(WHS-K1.01) What is Slough? Defining the proteomic and microbial composition of wound slough and its implications for wound healing.
Thursday, May 16, 2024
9:15 AM – 10:15 AM East Coast USA Time
Intro: Slough is a well-known feature of chronic wounds. However, the tissue and microbial composition of wound slough are not well defined. Clinically, it’s difficult to define what is normal slough and identify wounds likely to heal versus deteriorate.
Aims: To determine the proteomic and microbiologic components of slough and their associations with wound healing.
Methods: 23 subjects with chronic wounds and visible slough were enrolled. Etiologies included venous stasis ulcers, post-surgical site infections, and pressure ulcers. Patient co-morbidities and wound healing outcome 3-months post sample collection were recorded. Debrided slough was analyzed microscopically, through untargeted proteomics, and high-throughput bacterial 16S-rRNA gene sequencing.
Results: Wound age ranged from 6 weeks to 15 years. Microscopic imaging revealed slough to be amorphous in structure. 16S-profiling found slough microbial communities associate with wound etiology and location on the body (both PERMANOVA p<0.01). Across all subjects, slough predominantly consisted of proteins involved in skin structure and formation, blood-clot formation, and immune processes. To predict variables associated with wound healing, protein, microbial, and clinical datasets were integrated into a supervised partial least squares-discriminant analysis. This analysis found wounds that healed 3-months after sample collection were enriched for proteins involved in skin barrier development (eg cornifin B) and negative regulation of immune responses (eg cystatin F). Differential enrichment of these proteins in healed wounds compared to those that deteriorated was confirmed via DEqMS (all absolute Log2(fold change)>1.5 and p<0.01). Wounds that deteriorated over time started off with a higher baseline Bates-Jensen Wound Assessment score and were enriched for anerobic bacteria (eg Fingoldia & Peptoniphilus) and chronic inflammatory proteins (eg activator protein-1, vasodilator-stimulated phosphoprotein, & complement factor H; all absolute Log2(fold change)>1.5 and p<0.01).
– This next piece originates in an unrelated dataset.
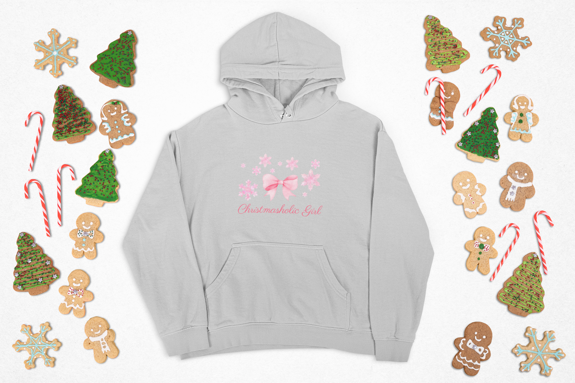 A soft, cozy hoodie with the sweetest touch of holiday magic. This fleece-lined piece features delicate snowflakes and pale pink bows for a gentle, aesthetic Christmas look. The double-layered hood, matching drawcord, and roomy kangaroo pocket keep you warm and comfortable all season long.

Discussion: Slough is an underutilized reservoir for potential biomarkers of wound healing. This is the first study to integrate clinical, microbiome, and proteomic data to systematically characterize wound slough and integrate it into a single assessment to predict wound healing outcome. Collectively, our findings underscore how slough components can help identify wounds at risk of continued impaired healing. Future studies aim to explore these predicted biomarkers in a larger cohort. Development of a comprehensive patient-centered assessment will lead to more effective identification of patients’ wounds that may benefit from triage into specialty care and ultimately reduce the healthcare, financial, and personal burden of living with a chronic wound.